Note: this limiting functional form is not obviously connected to the general statement of the CLT up above. What is the connection of the Gaussian limit to a sum of random variables as prescribed by the CLT? Answered below with a test.

This visualization is adapted from the amplitude_in_presence_of_background_RECAP.ipynb notebook.

from math import factorial

def poisson(N, D):
    """
    Returns a Poisson distribution value with mean D for integer N.
    We require N to be an integer greater than equal to zero.
    """
    assert (isinstance(N, int) and N >= 0), \
            "N must be a non-negative integer!"

    return D**N * np.exp(-D) / factorial(N) 

def poisson_plot(ax, D, max_N):
    """
    Make a bar plot on the axis ax of the Poisson distribution for mu = D
     and out to a maximum integer max_N.
    UPDATE: we eplaced our own poisson function with poisson.pmf from 
     scipy.stats so that we can go to larger N. 
    """
    N_pts = np.arange(0, max_N, 1, dtype=int)
    poisson_pts = [stats.poisson.pmf(N, D) for N in N_pts] # poisson_pts = [poisson(int(N), D) for N in N_pts]
    
    ax.bar(N_pts, poisson_pts, width=0.8, bottom=None, align='center')
    ax.set_xlabel(r'Number of counts $N$', fontsize=18)
    ax.set_ylabel(fr'$\mathrm{{p}}(N \mid D={D:.1f})$', fontsize=18)
    ax.set_title(rf'$D = {D:.1f}$', fontsize=20)
    ax.tick_params(labelsize=16)
    return N_pts

Make successive histogram plots of the Poisson distribution, increasing the value of \(D\) from 0.5 to 50, and superposing the normal distribution it is supposed to approach.

Note that the arguments of stats.norm.pdf are the # of points, the mean, and the standard deviation (not the variance) of the distribution.

D_list = np.array([0.5, 1.2, 1.7, 12.5, 20., 50., 100., 150.])
num_rows = int(D_list.size / 2)

fig, axes = plt.subplots(num_rows, 2, figsize=(15, 5 * num_rows))

for D, ax in zip(D_list, axes.flatten()):
    max_N = int(D + 6.*np.sqrt(D))  # mean + multiple of standard deviation
    N_pts = np.arange(0, max_N, 0.01)
    y_pts = stats.norm.pdf(N_pts, D, np.sqrt(D))
    poisson_plot(ax, D, max_N)
    ax.plot(N_pts, y_pts, color='red')

fig.tight_layout()

Compare a sum of D Poisson draws with mean 1 to a single Poisson distribution with mean D#

Now we answer the question asked above: What is the connection of the Gaussian limit to a sum of random variables as prescribed by the CLT?

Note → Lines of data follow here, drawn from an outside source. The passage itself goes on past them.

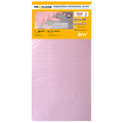 - Гармошка Profloor с пароизоляцией эффективно защищает основание пола от влаги и конденсата, продлевая срок службы покрытия. Благодаря высокой прочности и устойчивости к нагрузкам, она помогает гасить шумы и вибрации, улучшая акустику помещения.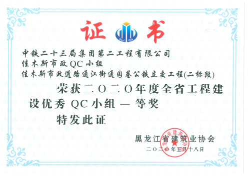 5月20日,從2020年黑龍江省工程建設(shè)優(yōu)秀QC小組活動(dòng)成果交流視頻會(huì)上傳來佳報(bào),中鐵二十三局集團(tuán)第二工程有限公司佳木斯市政QC小組的提高臨近既有鐵路富水含砂深基坑施工效率成果喜獲一等獎(jiǎng);同時(shí)鐵龍QC小組的提高特種道岔安裝質(zhì)量一次合格率成果獲二等獎(jiǎng),為哈佳項(xiàng)目部QC成果再添佳績(jī)。
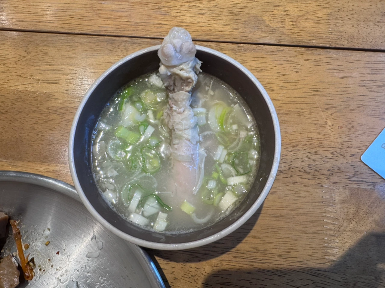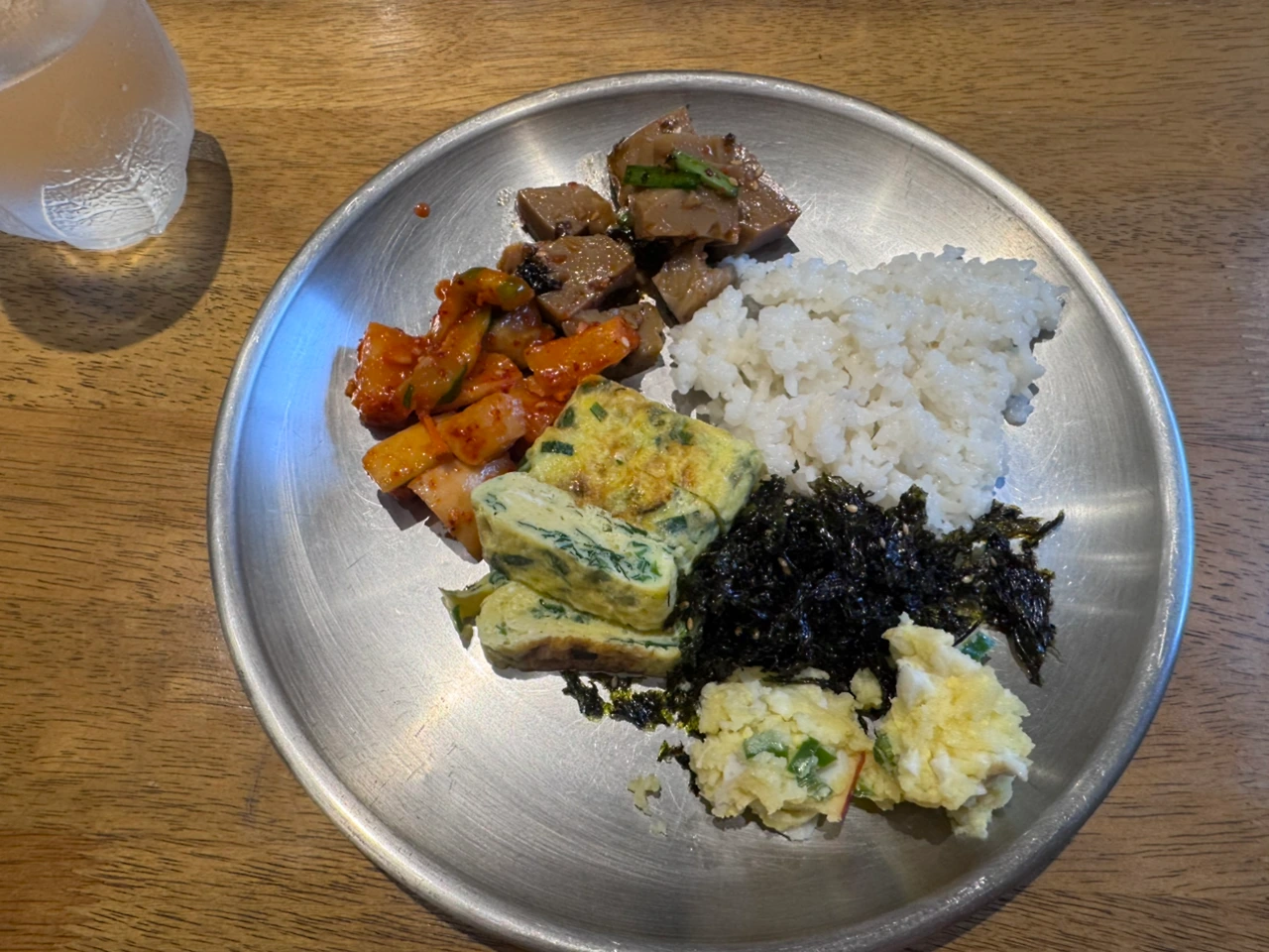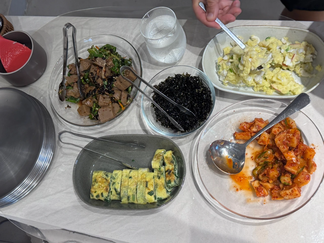 계란말이, 깍두기, 감자샐러드, 도토리묵, 닭곰탕으로 든든하고 맛있게 한 끼를 먹을 수 있었다.

The answer is that a sum of Poisson distributed random variables is itself Poisson distributed. For example, if \(X_1,\ldots,X_D\) are independent Poisson random variables with mean 1 (\(D\) is an integer here), then \(Y = \sum_{i=1}^D X_i\) is a Poisson random variable with mean \(D\). So the sum is built in by directly considering \(Y\). Note the analogy to the situation with the binomial distribution and the CLT discussed in Lecture 4.

Here we test this answer by plotting the histogram of num_draws samples, each the sum of \(D\) mean-1 Poisson samples, to the probability mass function (pmf) of a Poisson with mean-D (and also plot the Gaussian limit).

D = 5
num_draws = 1000

# set upper range of N
max_N = int(D + 6.*np.sqrt(D))  # mean + multiple of standard deviation

# make an array of the Poisson pmf with mean D
N_pts = np.arange(0, max_N, 1, dtype=int)
poisson_pts = [stats.poisson.pmf(N, D) for N in N_pts]

# (num_draws) samples of the sum of D mean-1 poisson draws
test_poisson_pts = np.array([np.sum([stats.poisson.rvs(1) for index in range(D)]) \
                             for draws in range(num_draws)])
my_bins = np.arange(0, test_poisson_pts.max() + 1.5) - 0.5

# Gaussian limit (mean D and standard deviation D)
norm_x_pts = np.arange(0, max_N, 0.01)
norm_y_pts = stats.norm.pdf(norm_x_pts, D, np.sqrt(D))

# Make the plot
fig, ax = plt.subplots(1, 1, figsize=(12, 5))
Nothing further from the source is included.